What I know is that since each vertex can have a maximum of $2n - 1$ in/out neighbors, there is an overlap of $3$ which means I have at least $3$ double edges on each vertex. For all examples I've tried it turns out to be true, but I'm still not $100$% convinced. I can only really do it with smaller examples before drawing it on paper gets messy.
Does anyone know of a proof for this fact, or if it's not true have any clever ways to come up with a counter-example?
I believe I have a counter-example. Let $n=8$. Consider the following graph:
Using this graph $G$ as a map, we will build a digraph $D$ on $16$ vertices with minimum semi-degree $9$. Let $V(G)=V(D)$ and for each edge of $G$, let that be a double edges of $D$. These will be the only double edges, and since $G$ does not contain a perfect matching, $D$ will not have a perfect double edges matching. Thus all we need to do is construct $D$.
To build the rest of $D$, we will consider the partition of $V(D)$ as $F_1\cup F_2\cup F_3\cup\{v\}$ where $v$ is the central vertex, and each $F_i$ is the vertex set of a component of $G-v$. Add edges going from each vertex of $F_1$ to each vertex of $F_2$, also going from each vertex of $F_2$ to each vertex of $F_3$ and edges from each vertex of $F_3$ to each vertex of $F_1$. This contributes $5$ to the in degree and out degree of each vertex in $V(D)\setminus\{v\}$. In addition, the double edges contribute $3$ to the in-degree and out-degree of each vertex. Thus the vertices in $V(D)\setminus\{v\}$ only need one more edge in and one more out.
Observe that inside $F_1$, there are three edges that do not appear in $G$. Orient these three edges in such a way that the vertex incident with two edges gains both an in-degree and out-degree. This leaves us with one vertex that has the correct semi-degree, two vertices missing one in-degree and two missing one out-degree.

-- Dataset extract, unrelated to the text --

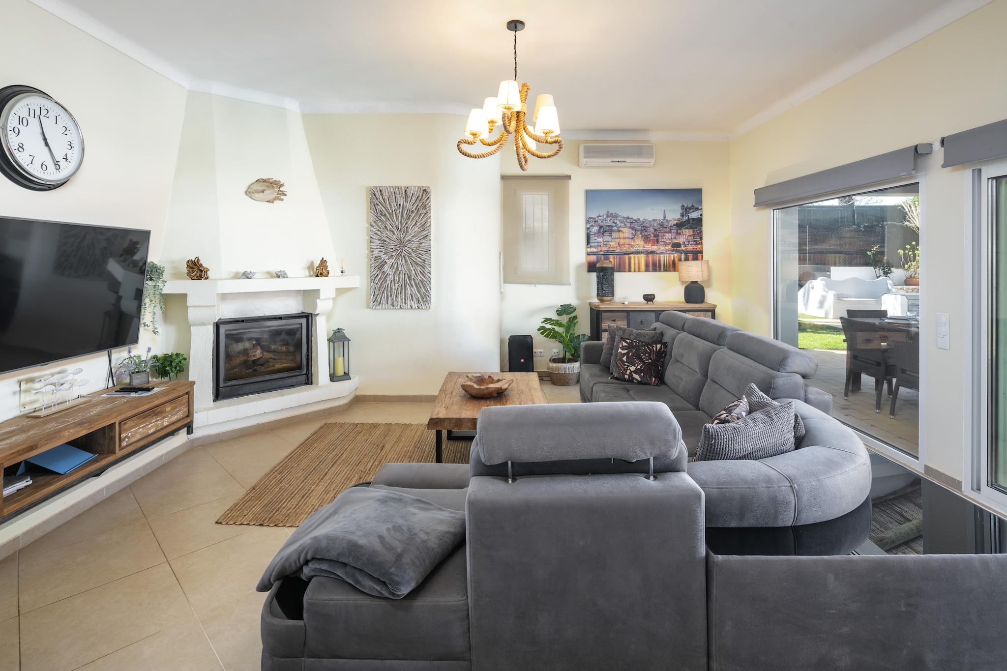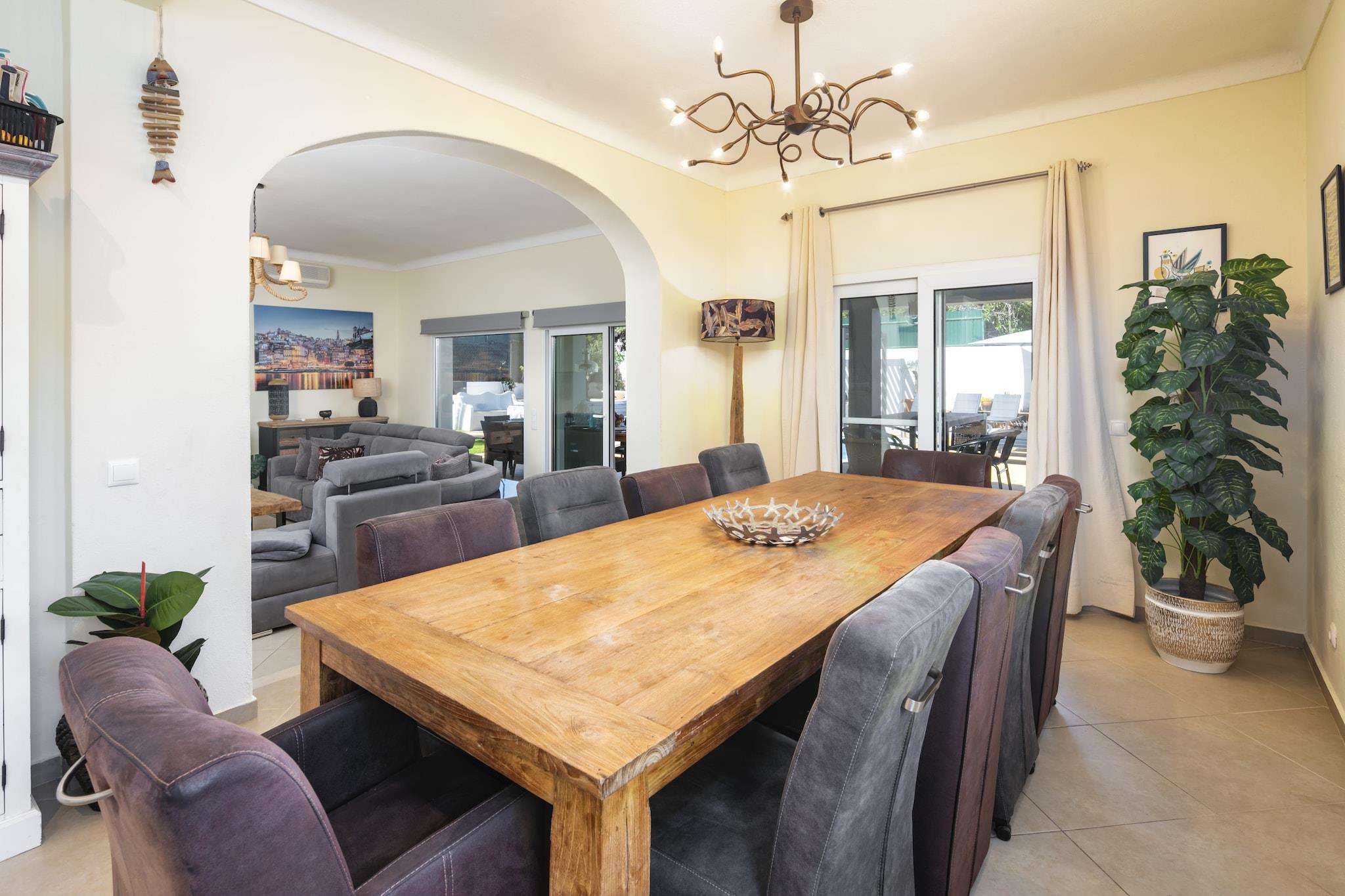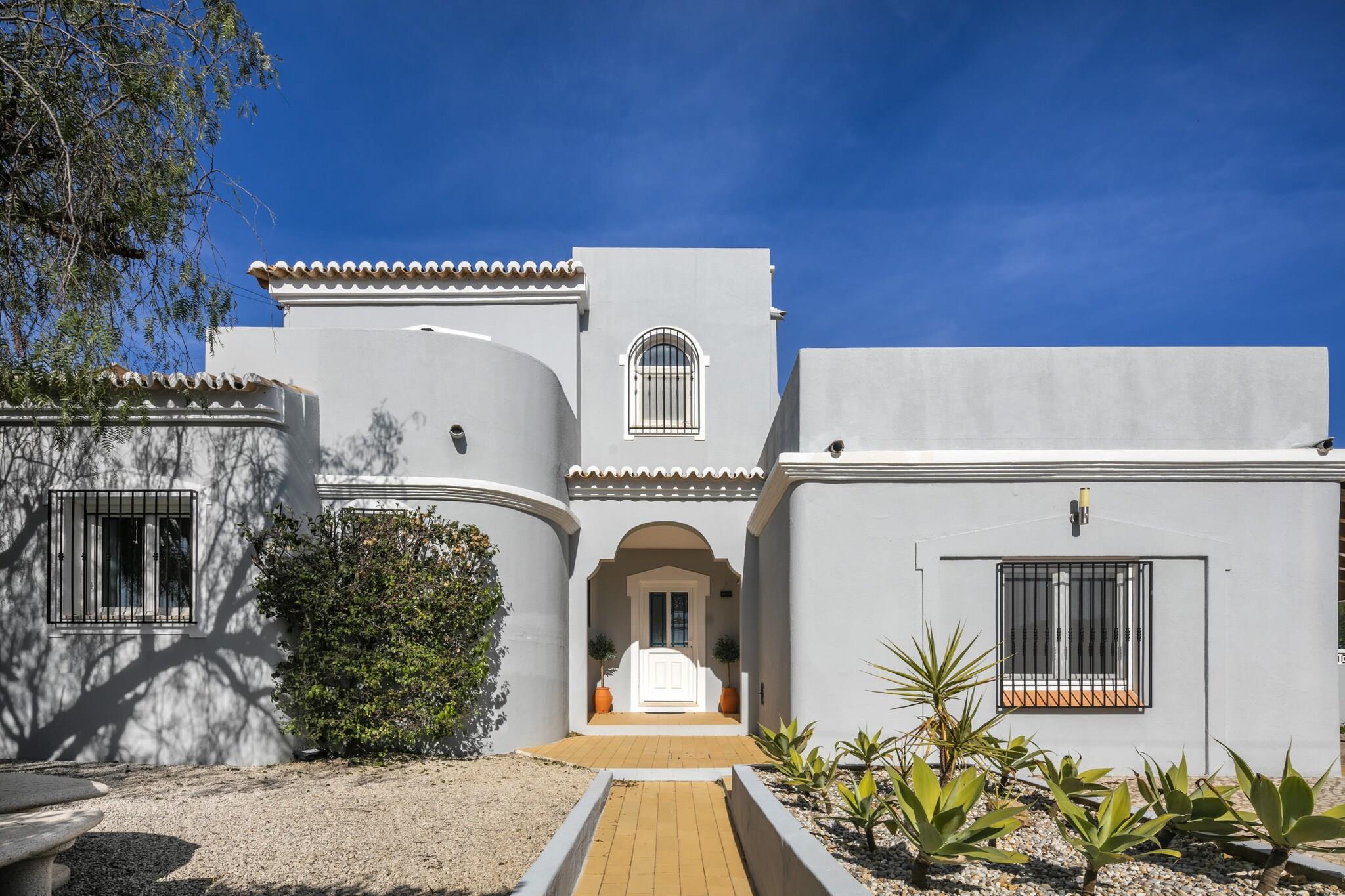 Oplev et ideelt familieferiested i denne fantastiske 5-værelses villa beliggende i den smukke kystby Carvoeiro, Algarve. Rummelig og gennemtænkt designet, denne bolig er perfekt til familier, par og venner, der søger en mindeværdig ferieoplevelse i Portugal. Med imponerende 240 kvadratmeter boligareal på en generøs 1.100 kvadratmeter grund, kan denne villa komfortabelt rumme op til 10 gæster. Træd udenfor for at nyde spektakulære udendørsrum, herunder en privat opvarmet saltvandspool (8m x 4m), en solterrasse og flere lounging-områder, ideelle til at slikke solen. Familier vil elske grillpladsen, havemøblerne og den indhegnede grund, der giver et trygt miljø for børn. Indendørs er komfort nøglen med centralvarme, aircondition og gulvvarme til nydelse året rundt. Underholdningsmulighederne omfatter et smart-tv med flere kanaler, et stereoanlæg og et bordtennisbord til familiehygge. Villaen ligger blot 1,3 km fra de fantastiske strande Praia do Carvoeiro og Praia do Paraíso og tilbyder nem adgang til kystattraktioner. Nærliggende faciliteter, herunder supermarkeder, restauranter og golfbaner, forbedrer din oplevelse. Yderligere funktioner omfatter gratis WiFi, strandudstyr, udendørs bruser og en pejs til hyggelige aftener. Med privat parkering til 3 køretøjer og en fremragende beliggenhed lover denne villa en uforglemmelig ferie i Algarve. Bemærk venligst: Husdyr er ikke tilladt, og ejendommen er ikke egnet til ungdomsgrupper. Rygning indenfor er forbudt.

Do the same thing for $F_2$ and $F_3$ leaving us with six vertices each needing one in-degree and six vertices each needing one out-degree in $V(D)\setminus \{v\}$. We can that attach the appropriately oriented edges from $v$ to each of these vertices. Then each vertex in $V(D)\setminus\{v\}$ has the correct semi-degree and indeed $v$ also has the correct semi-degree. This completes the construction, giving us a counter-example.